Task objective —
Reproduce the whole listing word for word. Leave every image out.

Dataset excerpt —
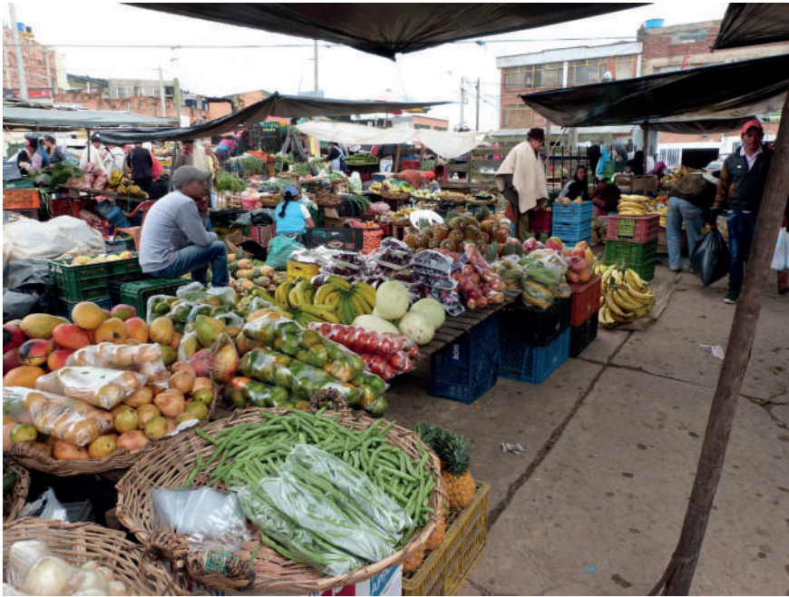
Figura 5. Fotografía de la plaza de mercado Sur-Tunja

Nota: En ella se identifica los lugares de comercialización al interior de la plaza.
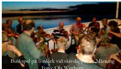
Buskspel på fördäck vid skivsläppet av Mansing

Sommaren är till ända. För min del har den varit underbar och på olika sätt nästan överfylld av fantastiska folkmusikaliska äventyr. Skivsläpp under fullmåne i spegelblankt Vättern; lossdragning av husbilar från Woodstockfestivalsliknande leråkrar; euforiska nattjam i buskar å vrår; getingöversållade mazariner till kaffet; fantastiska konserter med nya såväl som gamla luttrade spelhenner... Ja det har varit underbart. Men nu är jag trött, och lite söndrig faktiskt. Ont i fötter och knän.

Result of the task —
Figura 5. Fotografía de la plaza de mercado Sur-Tunja

Nota: En ella se identifica los lugares de comercialización al interior de la plaza.
Buskspel på fördäck vid skivsläppet av Mansing

Sommaren är till ända. För min del har den varit underbar och på olika sätt nästan överfylld av fantastiska folkmusikaliska äventyr. Skivsläpp under fullmåne i spegelblankt Vättern; lossdragning av husbilar från Woodstockfestivalsliknande leråkrar; euforiska nattjam i buskar å vrår; getingöversållade mazariner till kaffet; fantastiska konserter med nya såväl som gamla luttrade spelhenner... Ja det har varit underbart. Men nu är jag trött, och lite söndrig faktiskt. Ont i fötter och knän.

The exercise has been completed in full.